Рехи всегда знал, что разгневанная подружка хуже врагов. Он-то все еще надеялся, что запал ярости вскоре сменится слезами или хотя бы отчаянием. Или как там бывает у женщин? Обычно они начинали реветь, Рехи сам несколько раз видел семейные ссоры с поединками на клыках. Впрочем, с Лойэ так не прокатывало, поэтому она заставляла перебегать от одной свалки камней к другой.
«Надо перерезать ей глотку! Чтобы не выступала! И пошла она к ящерам! Солнце вам на голову, будто я не знал, что спутник из нее никудышный», — ворчал про себя Рехи, готовя клык, но не атаковал первым, все еще ожидая каких-то изменений. Лойэ же только больше распалялась.
Пока Рехи прятался, она перелетала черной тенью с одного возвышения на другое. Ее не волновало, насколько прочны конструкции. Пару раз она устроила настоящие обвалы, но сама осталась невредима, точно отрастила пару крыльев, как у проводника-Митрия. Рехи завидовал ее легкости. Как он успел рассмотреть в пылу разгоравшейся борьбы, Лойэ тоже досталось: поджившие ссадины на лице и руках не лгали — но, очевидно, проклятые рептилии не травмировали ей ноги.
«Может, кто-то еще выбрался? Кроме нее…» — мелькнула обнадеживающая мысль. Вдвоем или втроем удалось бы усмирить Лойэ, и, может, построить потом новую деревню. Хотя бы прямо на обломках этого города, сделали бы центром башню с онемевшим колоколом.

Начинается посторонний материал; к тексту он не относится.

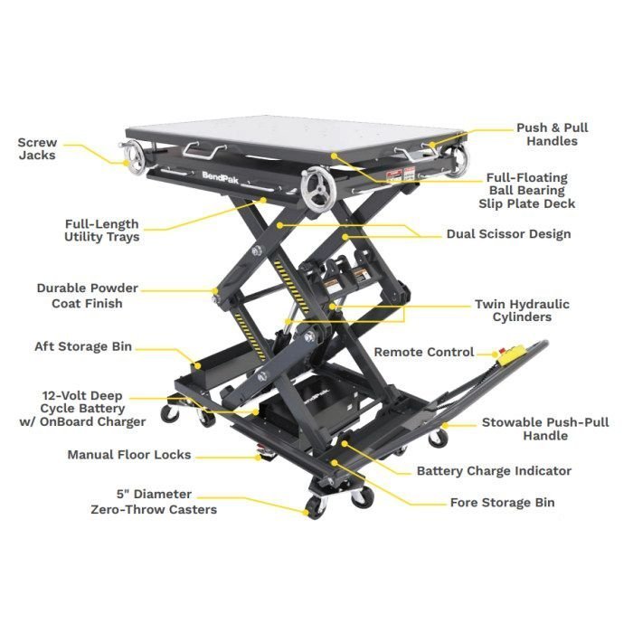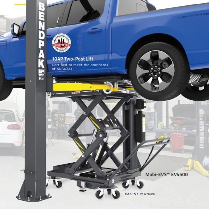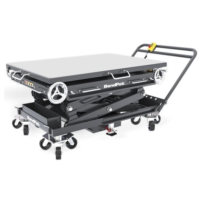 The BendPak EVS4500 EV Battery and Powertrain Lift Table is the latest in BendPak’s revolutionary Mobi-EVS line of full-rise battery powered mobile scissor lift tables and is perfectly suited for Electric Vehicle Service and EV Battery Pack replacement. With it, you’ll be able to safely handle critical vehicle components weighing up to 4,500 lbs. With a compact design, this space-saving lift table can be easily transported anywhere in the workplace, making the EVS4500 ideal for multi-bay facilities or workplaces with confined areas.
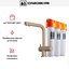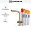 Смеситель выглядит выразительно и сдержанно: плавный изгиб излива, четкие очертания корпуса и теплый, уютный оттенок Карамель создают цельный образ, который органично впишется в светлые и контрастные кухни. Пропорции продуманы: излив вытянут, а форма корпуса подчеркивает элегантность силуэта.
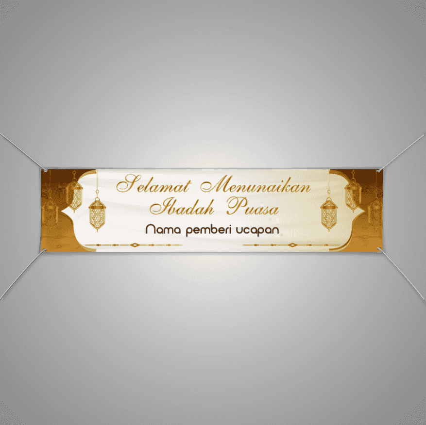 Spanduk "Selamat Menunaikan Ibadah Puasa" ini memiliki desain elegan dengan dominasi warna emas dan putih, menciptakan kesan mewah dan sakral yang coc...

Занятное же сооружение, с него и пустошь просматривалась, а мертвецы среди развалин потеснились бы. Если бы Лойэ встретила иначе, то, возможно, не пришлось бы больше тащиться к мифическим развалинам с мутной целью. Но Лойэ же не встретила!
— Мы остались одни! Только двое! Никто больше не выжил, никто!
С ней никого не оказалось, все посторонние фантазии отсекло заявление, что больше никто не выбрался. Только призраки вокруг, а их останки чуть не стоили Рехи жизни: нога снова неверно раздавила чью-то кость, осколки черепа. И тут же сверху прыгнула беспощадная тень, метя клинком прямо в сердце.
Рехи резко повернулся, уклоняясь от лезвия, отшатнулся к остаткам стены, схватился за край и перемахнул на другую сторону. Но приземлиться не удалось: Лойэ схватила сзади за щиколотки. Рехи повалился вниз, пропахав и без того разбитым носом. Пыль засыпала глаза, а на спину сиганула полоумная девица.
Рехи дернулся, наотмашь ударив мечом. В тот миг он забыл, что сначала не хотел причинить вред невольному противнику. Хотя Лойэ-то сражалась на полном серьезе и ничем не уступала в навыках.
— Да, мы остались вдвоем! Ты вообще одна хочешь оказаться тут?! — зашипел Рехи, сбрасывая с себя Лойэ, которая едва не свернула ему шею коленями. Вот уж не хотелось испытывать на себе ее коронный прием. Так-то она вообще норовила прыгнуть на плечи превосходящему по росту противнику и сломать ему позвоночник резким стремительным движением. От особо удачных убийств она всегда вздрагивала, как в экстазе. Убийство и страсть — все тот же голод. Только убийство — голод разрушений.
— Лучше одной, чем с тобой! — крикнула Лойэ, кидаясь с клинком. Выпад оказался не очень мощным, да и клыками всегда с трудом фехтовали. Ими обычно протыкали из засады, но теперь пришлось выставить заслон из своего оружия.
Рехи стремился отвести от себя опасность и выбить меч из руки Лойэ. Он все еще не желал ее убивать. Вспомнился один хитрый прием, который использовал тот самый воин племени, носивший почетный металлический клинок.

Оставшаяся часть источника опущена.